- _Problem to solve_:
Skip any image you find and restate the rest of the data word for word.

- _Supplied records_:
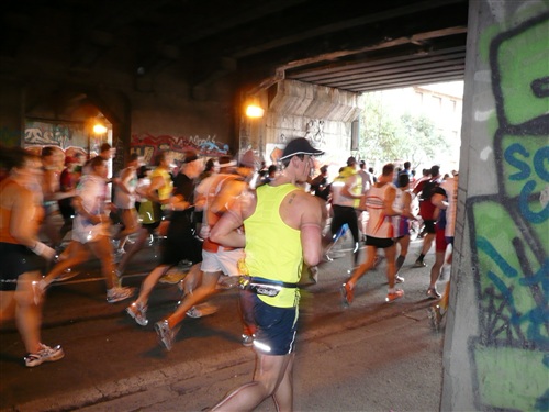 Beim Betrachten so manchen Gesichts könnte man fast meinen, ein Zug Gladiatoren sei erneut auf dem Weg zum Kampf auf Leben und Tod und entböte den damaligen Gruß vor Kampfbeginn. Nun ja, für so manchen wird es sicherlich einen Kampf auf Biegen und Brechen geben, zumindest anstrengend wird’s für alle werden. Nach längerem Überlegen stelle ich mich dann wirklich in den Startblock A, die Versuchung ist einfach zu groß. Mann, ist hier Platz! Die lahmen Enten ab 3 Std. Laufzeit stehen schon wie die Heringe und wir Helden haben sogar Platz zum Einlaufen (worauf ich sicherheitshalber verzichte…). Dann kommen die Schwatten – eine Augenweide! Ich bin wirklich beeindruckt.
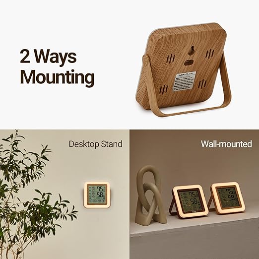 HuBDIC HubiBaby Digital Hygrometer Indoor Thermometer Humidity Meter Room Thermometer, Humidity Monitor for Home, Bedroom, Baby Room, Office, Greenhouse, Cellar, Portable Nightlight (Light Wood)
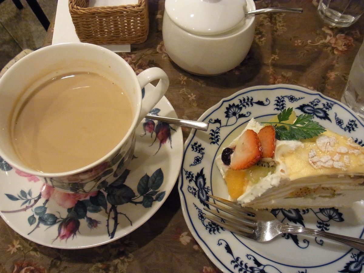 カフェオレがでかいのがお判り頂けるかと思いますが、カフェオレがでかすぎてケーキの大きさが伝わらないww
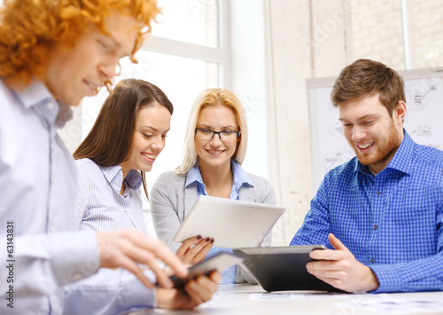 © Syda Productions, Fototapeta premium smiling team with table pc and papers working
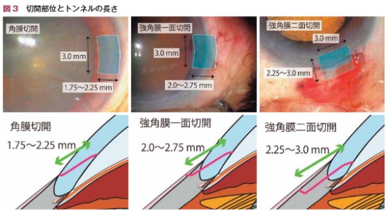 このように、「創傷治癒が大変遅い」ということは分かったのですが、ではどれぐらいの期間がかかるのかというと、ネット上では具体的な情報は見つかりません。 ただ、「砂ぼこりなどで目が汚れる可能性がある競技や、目を打撲する可能性がある競技は、1か月は控えてください(7.仕事・運動はいつからできますか? | 公益社団法人 日本眼科医会)」ということですから、1ヶ月経てば打撲にも耐えうるまで十分修復するといえそうです。 術後眼内炎は医療ミス? 白内障手術における、角膜の切れ目の入れ方は次のようになっています(白内障手術パーフェクトマスター)。切開の方法は2種類あり、角膜切開(左)は黒目と白目の境目から斜めに切れ目を入れます。強角膜切開(中央と右)は白目から斜めに切れ目を入れます。角膜切開は角膜の切れ目が露出することになりますが、出血はありません。強角膜切開は角膜の切れ目が露出しませんが、出血することがあります。私の場合、手術後に白目がかなり充血していたので、強角膜切開だったのかもしれません。いずれの方法でも、眼圧で傷口が押さえられるので、縫合の必要はありません。 ![]() 角膜の表面は涙で覆われていて、「涙にはリゾチームという殺菌作用をもった物質が含まれており、微生物の侵入や感染を予防する働きをします」(涙の働きと構造|大塚製薬)。 手術後に細菌やウイルスが侵入する可能性があるのは、角膜の切り口からですから、角膜上皮が修復されれば危険はなくなると思われます。そこで、「手術後の感染症を防ぐため、術後1週間の洗顔・洗髪は控えてください(白内障手術を受ける方へ 知っておきたい白内障術後のケア)」と指示されます。 細菌やウイルスが侵入すると「急激な視力低下、霧視、眼痛を自覚し、充血」が起こりますから(感染性眼内炎)、患者自身が異変に気づくはずです。術後の眼内炎は、2000から3000例に対して1件の割合で起き、手術中に強毒菌が侵入して炎症を起こすものだそうです(術後眼内炎とは)。つまり、この説明からは、術後眼内炎は角膜の切り口から細菌が侵入することにより引き起こされるものではないということになります。手術中は、開いた切り口から器具を挿入するのですから、手術後の切り口が閉じた状態より、格段に危険度が増すことは容易に想像できます。

- _Answer space_:
 Beim Betrachten so manchen Gesichts könnte man fast meinen, ein Zug Gladiatoren sei erneut auf dem Weg zum Kampf auf Leben und Tod und entböte den damaligen Gruß vor Kampfbeginn. Nun ja, für so manchen wird es sicherlich einen Kampf auf Biegen und Brechen geben, zumindest anstrengend wird’s für alle werden. Nach längerem Überlegen stelle ich mich dann wirklich in den Startblock A, die Versuchung ist einfach zu groß. Mann, ist hier Platz! Die lahmen Enten ab 3 Std. Laufzeit stehen schon wie die Heringe und wir Helden haben sogar Platz zum Einlaufen (worauf ich sicherheitshalber verzichte…). Dann kommen die Schwatten – eine Augenweide! Ich bin wirklich beeindruckt.
 HuBDIC HubiBaby Digital Hygrometer Indoor Thermometer Humidity Meter Room Thermometer, Humidity Monitor for Home, Bedroom, Baby Room, Office, Greenhouse, Cellar, Portable Nightlight (Light Wood)
 カフェオレがでかいのがお判り頂けるかと思いますが、カフェオレがでかすぎてケーキの大きさが伝わらないww
 © Syda Productions, Fototapeta premium smiling team with table pc and papers working
 このように、「創傷治癒が大変遅い」ということは分かったのですが、ではどれぐらいの期間がかかるのかというと、ネット上では具体的な情報は見つかりません。 ただ、「砂ぼこりなどで目が汚れる可能性がある競技や、目を打撲する可能性がある競技は、1か月は控えてください(7.仕事・運動はいつからできますか? | 公益社団法人 日本眼科医会)」ということですから、1ヶ月経てば打撲にも耐えうるまで十分修復するといえそうです。 術後眼内炎は医療ミス? 白内障手術における、角膜の切れ目の入れ方は次のようになっています(白内障手術パーフェクトマスター)。切開の方法は2種類あり、角膜切開(左)は黒目と白目の境目から斜めに切れ目を入れます。強角膜切開(中央と右)は白目から斜めに切れ目を入れます。角膜切開は角膜の切れ目が露出することになりますが、出血はありません。強角膜切開は角膜の切れ目が露出しませんが、出血することがあります。私の場合、手術後に白目がかなり充血していたので、強角膜切開だったのかもしれません。いずれの方法でも、眼圧で傷口が押さえられるので、縫合の必要はありません。 ![]() 角膜の表面は涙で覆われていて、「涙にはリゾチームという殺菌作用をもった物質が含まれており、微生物の侵入や感染を予防する働きをします」(涙の働きと構造|大塚製薬)。 手術後に細菌やウイルスが侵入する可能性があるのは、角膜の切り口からですから、角膜上皮が修復されれば危険はなくなると思われます。そこで、「手術後の感染症を防ぐため、術後1週間の洗顔・洗髪は控えてください(白内障手術を受ける方へ 知っておきたい白内障術後のケア)」と指示されます。 細菌やウイルスが侵入すると「急激な視力低下、霧視、眼痛を自覚し、充血」が起こりますから(感染性眼内炎)、患者自身が異変に気づくはずです。術後の眼内炎は、2000から3000例に対して1件の割合で起き、手術中に強毒菌が侵入して炎症を起こすものだそうです(術後眼内炎とは)。つまり、この説明からは、術後眼内炎は角膜の切り口から細菌が侵入することにより引き起こされるものではないということになります。手術中は、開いた切り口から器具を挿入するのですから、手術後の切り口が閉じた状態より、格段に危険度が増すことは容易に想像できます。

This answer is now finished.